▶ [TASK REQUIREMENTS]:
Once you find the line with "Аккумуляторный фонарь Camelion" in the data below, transcribe exactly each line from there to the line with "Transitioning from one", inclusive, and nothing else. Drop the pictures.

▶ [ENTRIES SUPPLIED]:
BEGIN

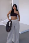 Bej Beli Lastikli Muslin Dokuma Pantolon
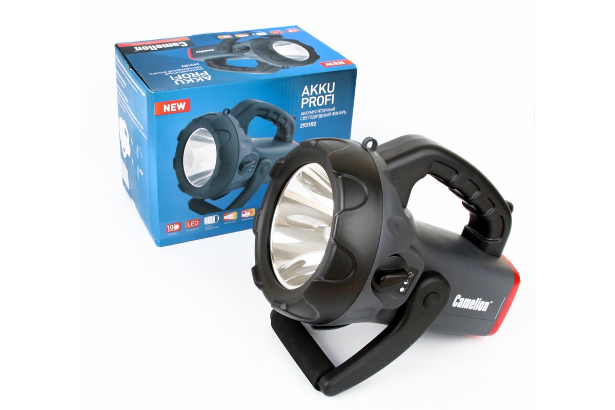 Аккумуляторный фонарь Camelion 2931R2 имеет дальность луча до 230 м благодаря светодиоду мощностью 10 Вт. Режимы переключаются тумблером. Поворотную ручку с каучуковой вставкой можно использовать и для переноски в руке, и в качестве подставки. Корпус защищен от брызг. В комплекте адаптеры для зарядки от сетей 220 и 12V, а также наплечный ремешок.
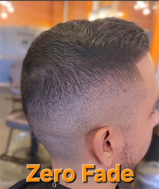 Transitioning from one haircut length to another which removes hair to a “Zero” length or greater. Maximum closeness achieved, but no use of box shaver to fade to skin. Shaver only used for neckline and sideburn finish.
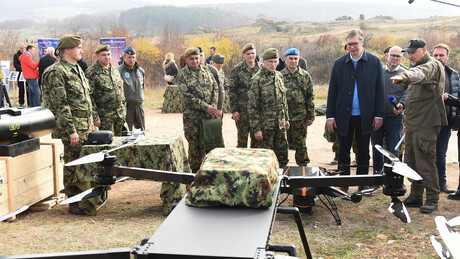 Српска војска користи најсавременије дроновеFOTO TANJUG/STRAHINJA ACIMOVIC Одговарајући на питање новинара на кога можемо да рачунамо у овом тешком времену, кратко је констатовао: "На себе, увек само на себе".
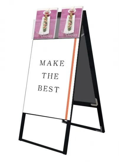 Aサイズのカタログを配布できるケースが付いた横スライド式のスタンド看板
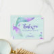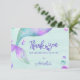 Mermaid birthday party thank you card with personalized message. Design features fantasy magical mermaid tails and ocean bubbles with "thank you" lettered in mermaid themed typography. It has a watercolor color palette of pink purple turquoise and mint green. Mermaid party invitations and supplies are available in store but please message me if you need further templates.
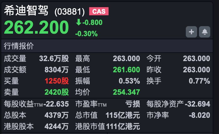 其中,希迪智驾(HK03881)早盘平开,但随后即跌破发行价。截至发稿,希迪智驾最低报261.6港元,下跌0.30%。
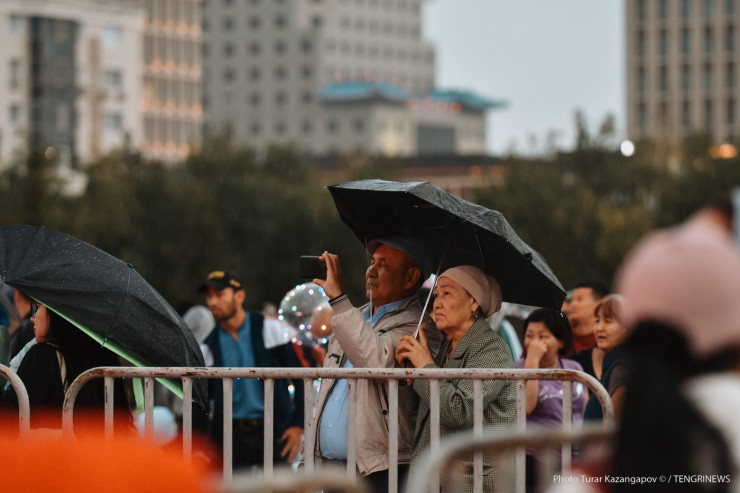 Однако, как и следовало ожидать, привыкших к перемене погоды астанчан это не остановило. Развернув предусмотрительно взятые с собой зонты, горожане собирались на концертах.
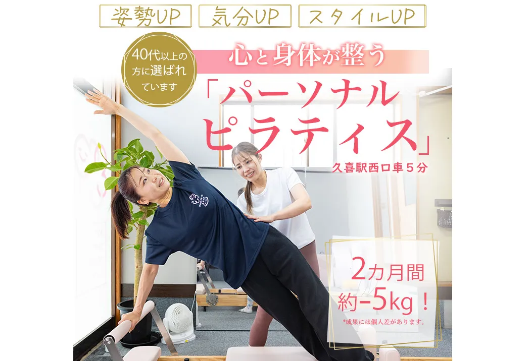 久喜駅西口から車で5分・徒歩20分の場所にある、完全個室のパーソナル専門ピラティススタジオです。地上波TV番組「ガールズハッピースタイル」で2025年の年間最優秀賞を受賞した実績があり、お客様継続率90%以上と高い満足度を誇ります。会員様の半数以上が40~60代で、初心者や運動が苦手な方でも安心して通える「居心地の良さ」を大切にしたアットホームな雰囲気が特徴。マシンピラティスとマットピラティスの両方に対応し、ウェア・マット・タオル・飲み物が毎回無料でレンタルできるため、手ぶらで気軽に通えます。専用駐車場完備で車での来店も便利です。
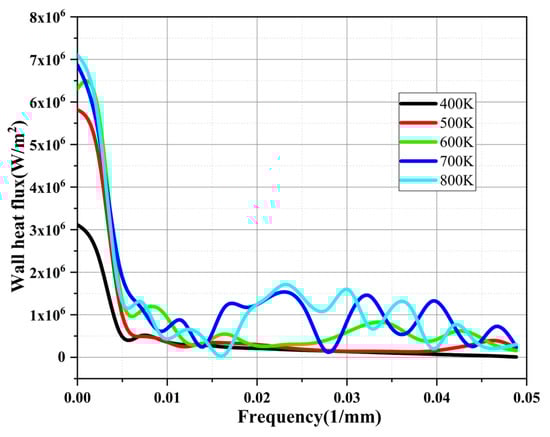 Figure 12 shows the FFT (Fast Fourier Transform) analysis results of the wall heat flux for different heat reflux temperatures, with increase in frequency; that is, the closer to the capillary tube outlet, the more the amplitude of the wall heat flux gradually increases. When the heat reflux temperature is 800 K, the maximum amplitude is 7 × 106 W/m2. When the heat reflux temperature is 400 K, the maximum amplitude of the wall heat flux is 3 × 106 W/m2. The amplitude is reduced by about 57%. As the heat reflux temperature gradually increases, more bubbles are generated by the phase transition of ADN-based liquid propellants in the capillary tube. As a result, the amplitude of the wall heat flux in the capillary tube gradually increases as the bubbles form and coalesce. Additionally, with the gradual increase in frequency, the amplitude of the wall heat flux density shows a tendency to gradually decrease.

END
BEGIN

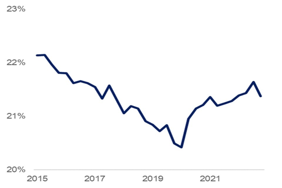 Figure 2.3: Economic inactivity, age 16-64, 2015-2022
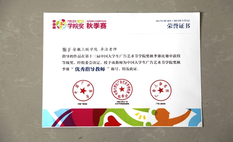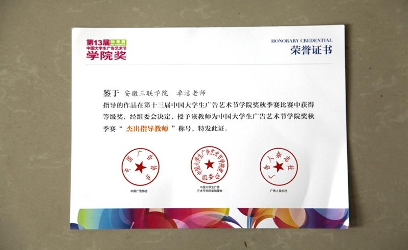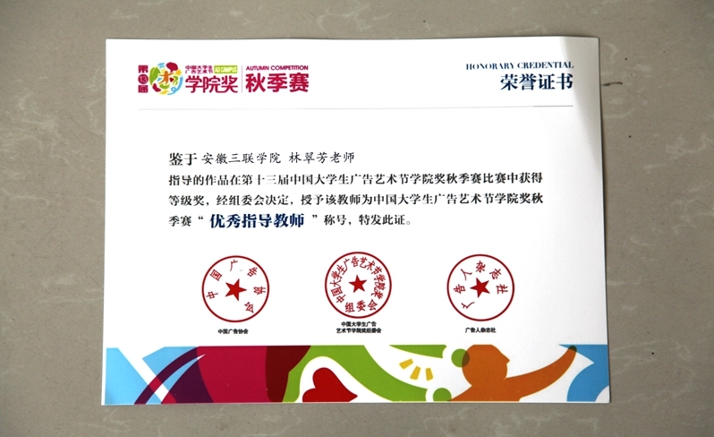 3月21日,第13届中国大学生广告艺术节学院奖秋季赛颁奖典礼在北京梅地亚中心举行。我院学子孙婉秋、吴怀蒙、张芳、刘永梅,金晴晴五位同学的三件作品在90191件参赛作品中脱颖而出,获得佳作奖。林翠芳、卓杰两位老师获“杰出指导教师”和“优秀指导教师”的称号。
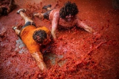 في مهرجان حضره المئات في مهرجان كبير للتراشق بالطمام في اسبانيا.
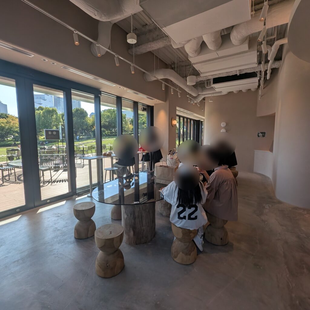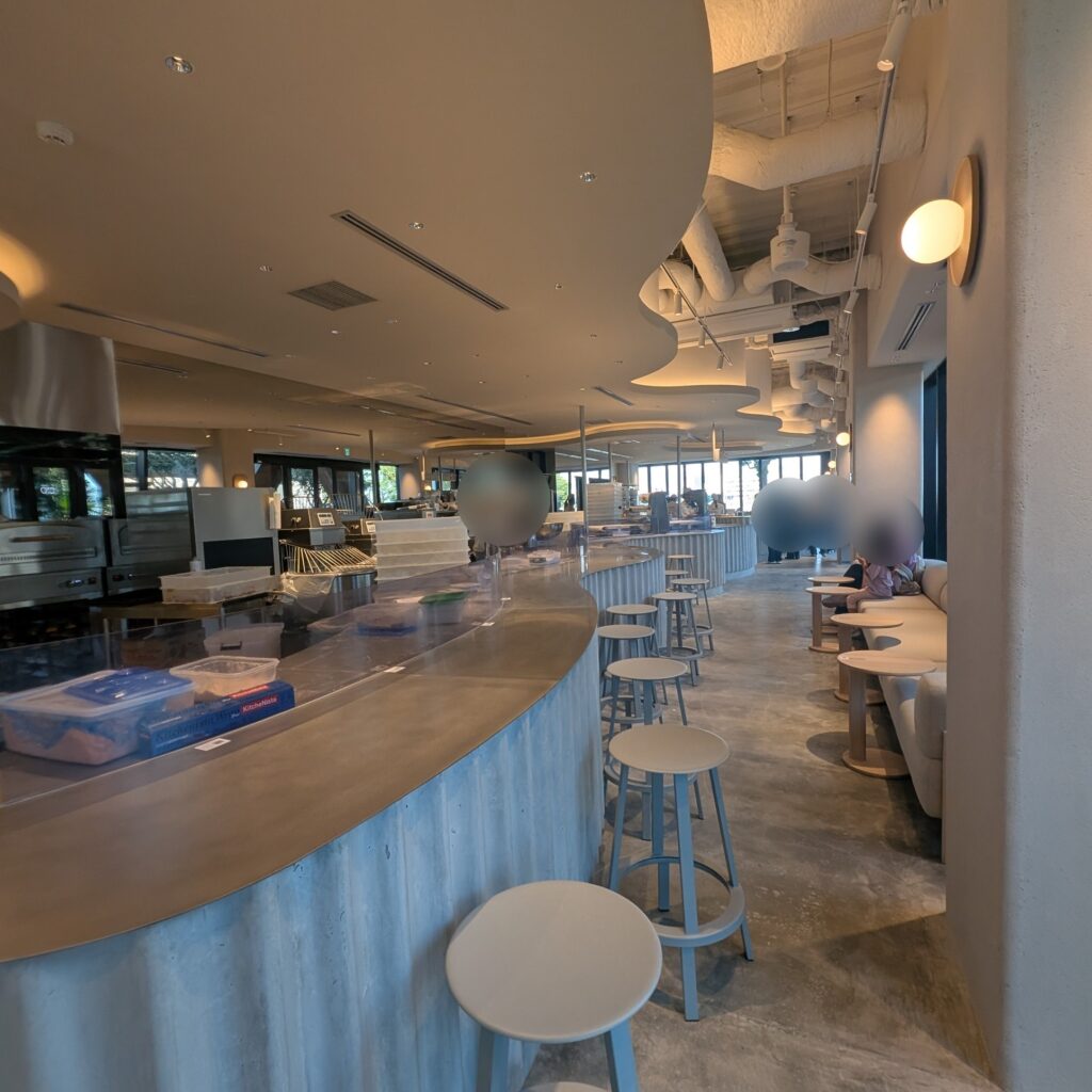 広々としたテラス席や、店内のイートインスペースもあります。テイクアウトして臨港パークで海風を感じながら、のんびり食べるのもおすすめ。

END

▶ [COMPLETED EXERCISE]:
 Аккумуляторный фонарь Camelion 2931R2 имеет дальность луча до 230 м благодаря светодиоду мощностью 10 Вт. Режимы переключаются тумблером. Поворотную ручку с каучуковой вставкой можно использовать и для переноски в руке, и в качестве подставки. Корпус защищен от брызг. В комплекте адаптеры для зарядки от сетей 220 и 12V, а также наплечный ремешок.
 Transitioning from one haircut length to another which removes hair to a “Zero” length or greater. Maximum closeness achieved, but no use of box shaver to fade to skin. Shaver only used for neckline and sideburn finish.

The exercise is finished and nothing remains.